Tax non-compliance in staffing supply chains in not a new thing. HMRC published revised guidance in May 2021 which flags staffing supply chains as high risk due to the potential for reliance on unlawful tax avoidance schemes. It urges both user organisations and supplier agencies to carry out due diligence on all links to ensure they know how workers are engaged, who pays them and that payments are tax compliant. Due diligence is advised because liability for underpayment of tax and national insurance contributions (NICs) can move along the supply chain to the agency or even, in certain cases, the end user.
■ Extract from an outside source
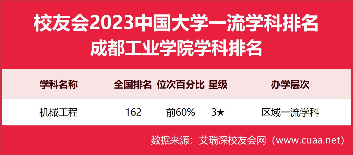 2023成都工业学院最好学科排名,机械工程第162

End users may face criminal liability and unlimited fines if they fail to prevent their employees and associated persons facilitating tax evasion by third parties. Importantly, in the case of staffing supplies, this can involve arrangements via agencies with umbrella companies operating tax evasion schemes – the fact that the end user or the agency is not aware of them is no defence if they do not have reasonable procedures in place to prevent such facilitation from happening.
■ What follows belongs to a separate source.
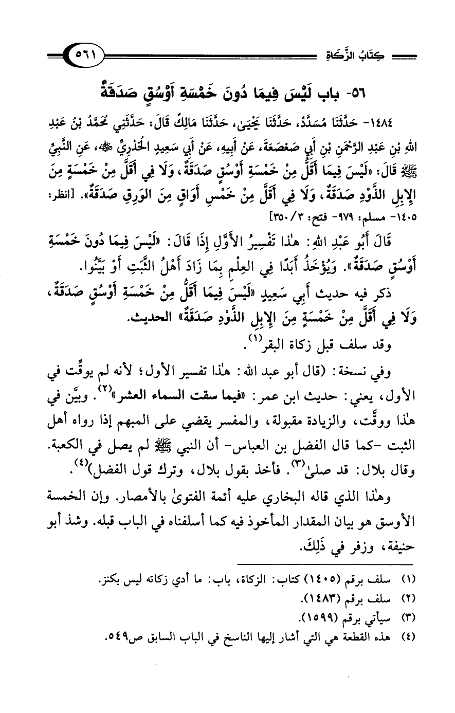 1484 - حَدَّثَنَا مُسَدَّدٌ حَدَّثَنَا يَحْيَى، حَدَّثَنَا مَالِكٌ قَالَ: حَدَّثَنِي مُحَمَّدُ بْنُ عَبْدِ اللهِ بْنِ عَبْدِ الرَّحْمَنِ بْنِ أَبِي صَعْصَعَةَ، عَنْ أَبِيهِ عَنْ أَبِي سَعِيدٍ الخُدْرِيِّ - رضي الله عنه - عَنِ النَّبِيِّ - صلى الله عليه وسلم - قَالَ: "لَيْسَ فِيمَا أَقَلُّ مِنْ خَمْسَةِ أَوْسُقٍ صَدَقَةٌ، وَلاَ فِي أَقَلَّ مِنْ خَمْسَةٍ مِنَ الإِبِلِ الذَّوْدِ صَدَقَةٌ، وَلاَ فِي أَقَلَّ مِنْ خَمْسِ أَوَاقٍ مِنَ الوَرِقِ صَدَقَةٌ". [انظر: 1405 - مسلم: 979 - فتح: 3/ 350]

Users and suppliers of contractors engaged via personal service companies (PSCs) are also at risk. A number of large end users have already received off-payroll compliance enquiries from HMRC, and it is expected to ramp up enforcement of the off-payroll rules as the four-year deadline to raise tax assessments for 2021/22 approaches.
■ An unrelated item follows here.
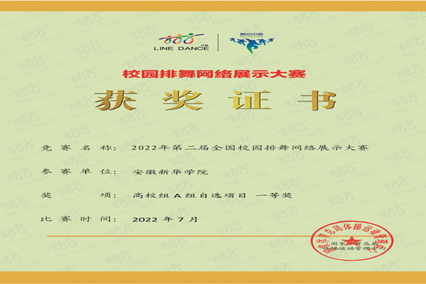 本网讯(通讯员:高新玲)7月1日至3日,由国家体育总局体操运动管理中心主办的2022年第二届全国校园排舞网络展示大赛于线上直播举行,并于7月5日完美收官,经过激烈角逐,由beat365官网通识教育部教师高新玲、王军带队参赛的高校自选A组作品获得一等奖,此外,beat365官网还被授予“优秀推广奖”。

Although end users are generally aware of the need to carry out IR35 status determinations in relation to PSC contractors they know about, there is still a risk where workers who they assume are engaged on a PAYE basis are, in fact, engaged via PSCs, because they will not have done status determinations in relation to those engagements and will be liable as the taxpayer if HMRC assesses those engagements as being inside IR35. Contractual indemnities may not be enough to protect against this type and level of liability, so it is important for end users to carry out supply chain due diligence.
As regards umbrella companies, the government announced in its October 2024 Budget the introduction of new legislation effective from April 2026, aimed at making agencies liable for tax non-compliance of umbrella companies. This will undoubtedly make agencies more cautious about relying on umbrella companies and may prompt some to take agency worker payrolls back in-house. However, unless this legislation is considered as part of the government's broader objective of moving to a single status of worker and to introduce a statutory definition of self-employment, it may lead to an increased use of bogus self-employment arrangements. It is therefore essential that measures flowing from the ERB which affect agency workers and new legislation aimed at clamping down on umbrella company non-compliance are considered both from an employment status and a tax status point of view.
Contingent worker supply chains are already being targeted by HMRC and any increase in use of self-employment models will only increase this scrutiny. The specific allocation of the extra £555m annual funding to HMRC by the government is earmarked for certain areas, in particular the recruitment of an additional 5000 HMRC compliance officers. While it will take some time for this recruitment to have any effect, it is a signal of intent to close the tax gap and provide the government with much-needed resources.
Users and suppliers or all types of contingent worker, whether they be agency workers, PSC contractors or gig worker platform freelancers, should do effective due diligence on their staffing supply chains and keep an eye on developments in this area.